A ação preventiva no ambiente escolar, ainda representa uma área de atuação pouco explorada, pois é nessa fase que ocorre uma alta velocidade no crescimento gerando inúmeros vícios de postura, prejudicando o desenvolvimento físico do aluno.

O Estatuto da Criança e do Adolescente declara: "Considera-se criança para o efeito de lei, o indivíduo até doze anos de idade incompletos e adolescentes aquela entre os doze e dezoito anos de idade.", e é durante estas fases que os indivíduos permanecem maior parte do tempo no ambiente escolar.

As Leis de Diretrizes e Bases da Educação relatam que toda criança deve completar o ensino fundamental, desse modo todo aluno utilizará a postura sentada por, no mínimo, oito anos, cerca de quatro a cinco horas por dia. Essa postura, por muitas vezes, é inadequada, o que já representa um grande risco à saúde, pois é desaconselhável permanecer nesta posição por mais de quarenta e cinco minutos sem interrupções.

Identificar desvios posturais em indivíduos em desenvolvimento, como os adolescentes, é de suma importância, porém deve-se reconhecer que existe uma mobilidade e flexibilidade muito maior nos adolescentes que nos adultos. E isso dificulta a aceitação do alinhamento padrão de um adulto (KENDALL; McCREARY; PROVANCE, 1998).

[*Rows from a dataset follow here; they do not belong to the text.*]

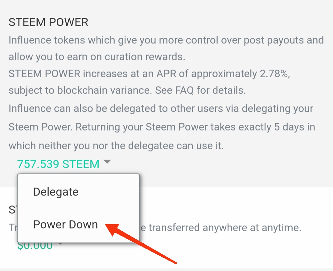 Untuk melakukan POWER DOWN, masuk ke STEEM POWER lalu pilih power down kemudian tulis nominal Steem yang akan kita power down.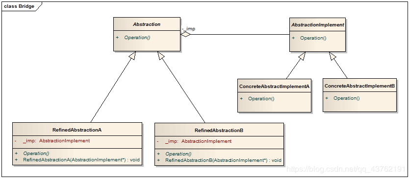 AbstractionImplement::Operation():实现抽象类Abstaction所定义操作的接口,由其具体派生类ConcreteImplemenA、ConcreteImplemenA或者其他派生类实现。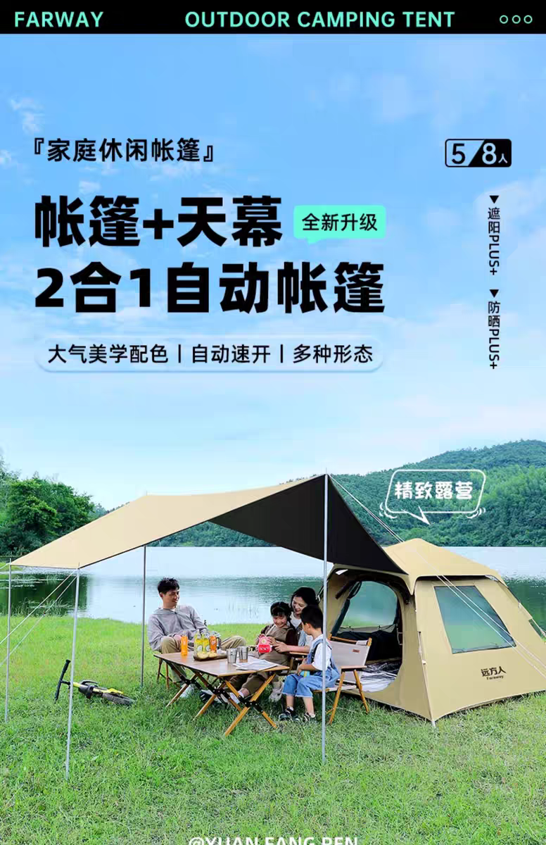 帐篷天幕二合一户外折叠便携式野营过夜露营加厚防雨黑胶装备全套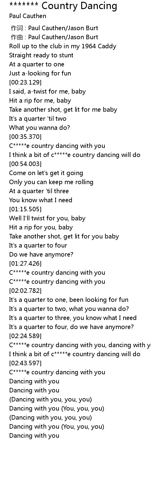 | [02:25.574] | C*****e country dancing with you, dancing with you |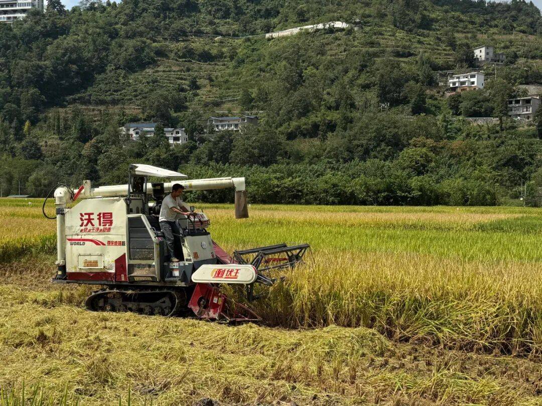 “现正在政策好,往年人工收割一亩水稻需要两小我忙一成天,开阳县禾丰乡底窝坝粮油高产示范区送来丰收盛景,细心组织。”担任人引见,及时控制气候变化环境,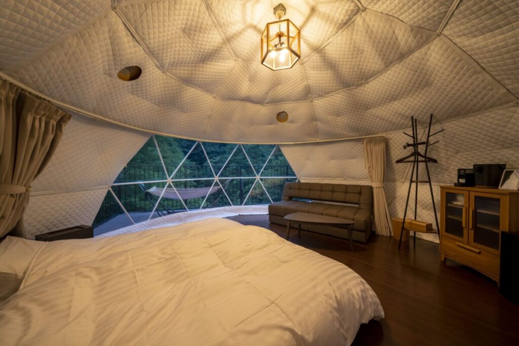 グランピングは直径5mのドームテント。エアコン完備の快適なお部屋には、非日常を演出するインテリアを配置。お食事は、ドームテント横に併設したバーベキュー専用テラスで、アウトドアの開放感のなかでご家族、お仲間だけで楽しめます。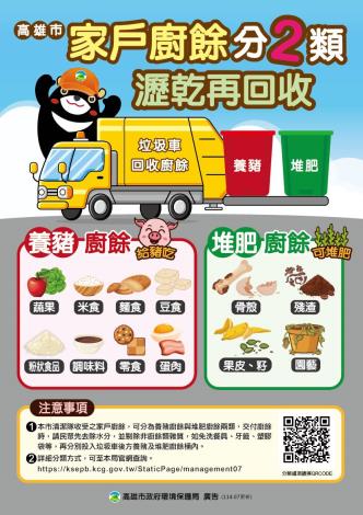 高雄市環保局強調,為提高廚餘再利用效益,轄區各清潔隊垃圾車後方均設有「養豬廚餘」與「堆肥廚餘」兩類回收桶,並設立清楚標示牌供民眾分類投放。環保局提醒,民眾應先將廚餘瀝乾,並剔除塑膠袋、免洗餐具、牙籤等雜質,否則依廢棄物清理法可處1,200元至6,000元罰鍰。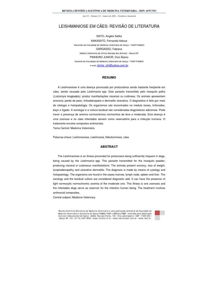 Revista Cientfica Eletrnica de Medicina Veterinria uma publicao semestral da Faculdade de Medicina Veterinria e Zootecnia de Gara FAMED/FAEF e Editora FAEF, mantidas pela Associao Cultural e Educacional de Gara ACEG. Rua das Flores, 740 Vila Labienpolis CEP: 17400-000 Gara/SP Tel: (0**14) 3407-8000 www.revista.inf.br www.editorafaef.com.br www.faef.br.
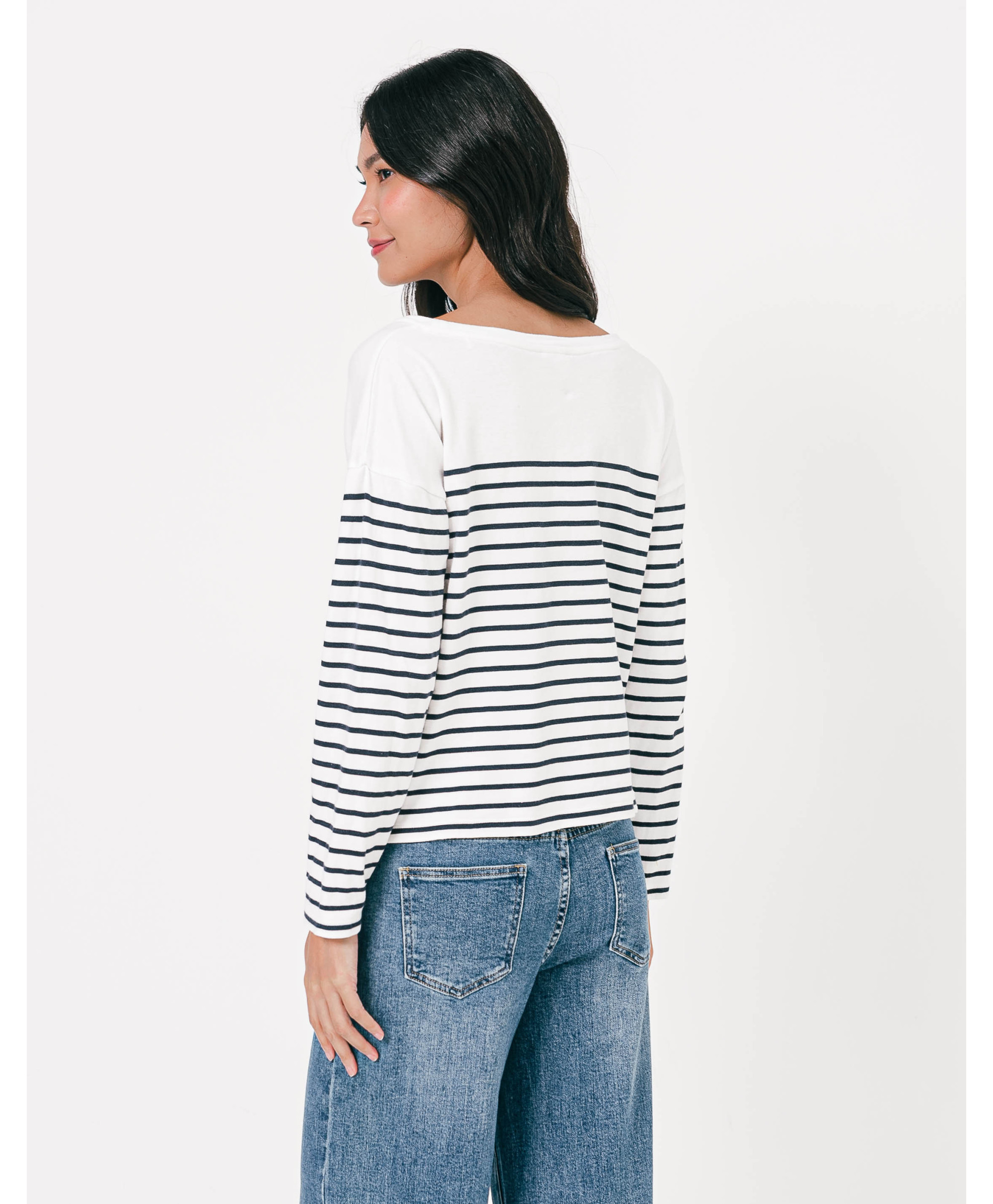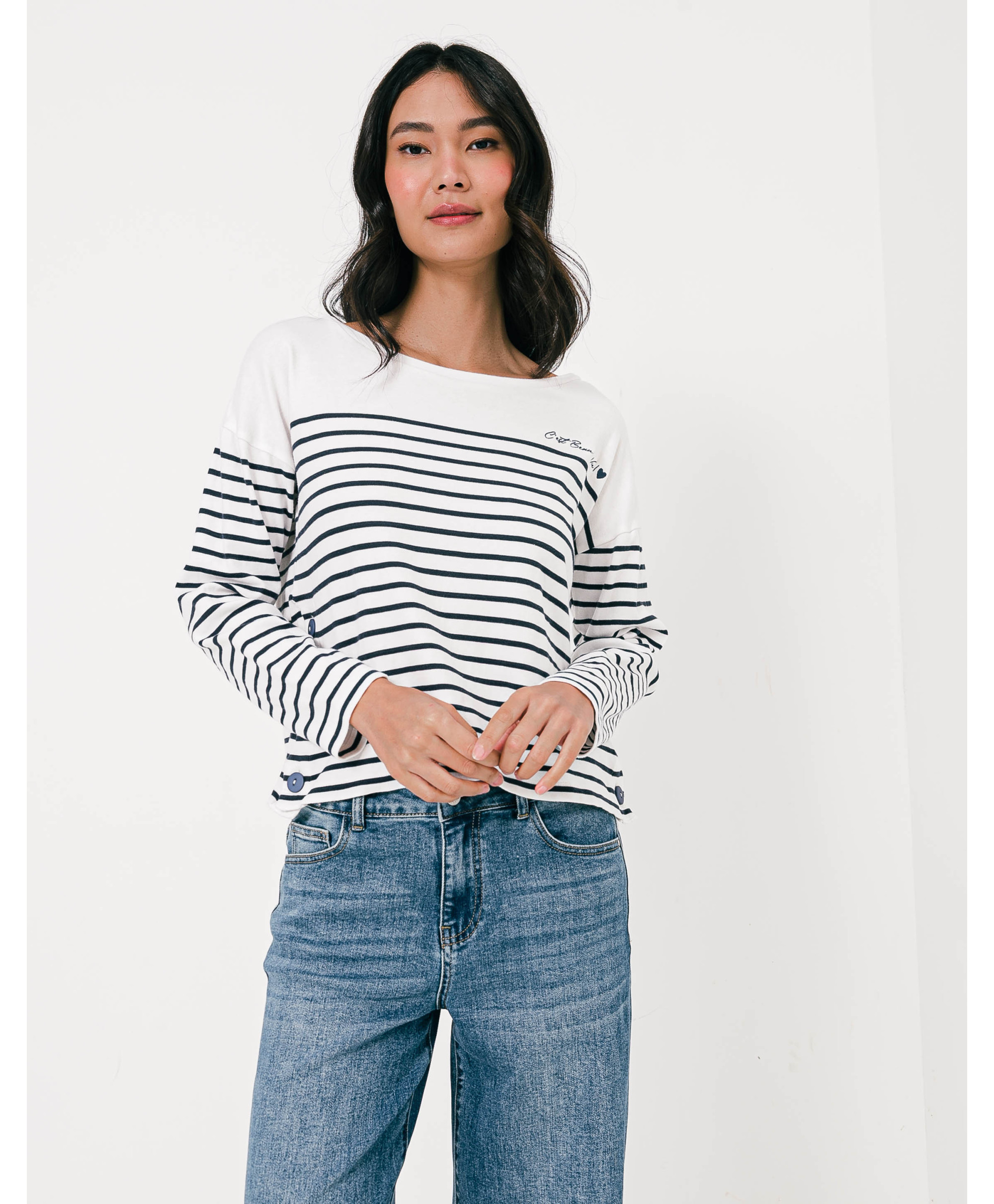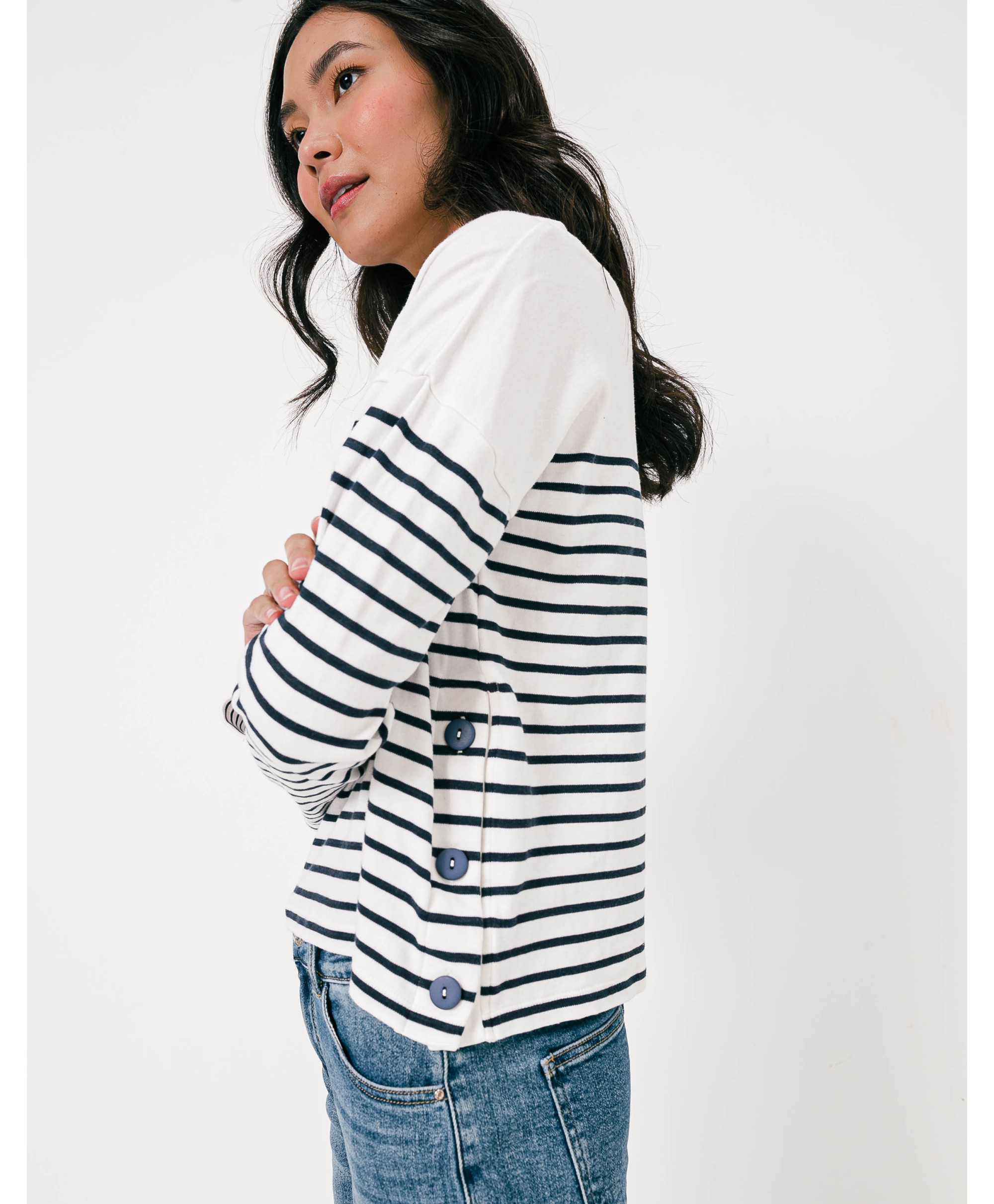 Le sweat à rayures signature en coton a l’audace de mélanger l’allure décontractée du molleton, l’élégance de la rayure et des boutons sur l'épaule. Un mélange des styles moderne et confortable facile à porter au quotidien. Un bel intemporel dessiné par nos stylistes.

As escolas exigem um comportamento que descartam a inseparabilidade existente entre a motricidade e a inteligência, já que é pelo movimento que o pensamento se estrutura, porém não há conscientização da escola, da sociedade e da família na importância dos movimentos e na experiência corporal da criança e adolescente na aprendizagem escolar. Uma postura corporal desconfortável pode ser responsável pela diminuição do interesse do estudante pelas atividades propostas em sala de aula.

Na idade escolar a má postura é um dos principais intervenientes no rendimento escolar. Ao relacionar-se ambiente escolar e postura observa-se que a problemática é bem diversificada, já que as crianças e os adolescentes permanecem por um período de quatro a seis horas nas instituições escolares, convivendo com dificuldades ergonômicas no mobiliário com disposição e proporções inadequadas, fornecidos pela escola e no transporte do material escolar.

O assento escolar é um fator ambiental importante, pois tanto a cadeira quanto a criança devem estar ajustadas uma a outra. O ideal seria que ao sentar houvesse apoio dos dois pés sobre o chão, joelhos fletidos a 90º, um assento profundo para suportar as coxas adequadamente e o encosto deve provir suporte para a coluna, levemente inclinado, possibilitando o relaxamento dessa região.

A exposição dos estudantes às acomodações inadequadas do meio escolar faz com que surjam problemas relacionados à postura dos mesmos. Os maus hábitos posturais inicialmente levam a dor e depois, possivelmente, ao surgimento de várias doenças, podendo levar a deformidades irreversíveis.

Quantificando o peso do material escolar, relacionando-o ao peso corporal, o mesmo deve ser equivalente a 10% do peso do corpo. É possível verificar a necessidade de uma intervenção preventiva para impedir ou minimizar as possíveis alterações da postura e estrutura da coluna vertebral dos escolares, ampliando a atuação da fisioterapia no ambiente escolar. Os desequilíbrios posturais gerados são agravados pelo fato do peso carregado ser desproporcional ao peso do próprio corpo e pelo uso inadequado da mochila apoiada em apenas um ombro.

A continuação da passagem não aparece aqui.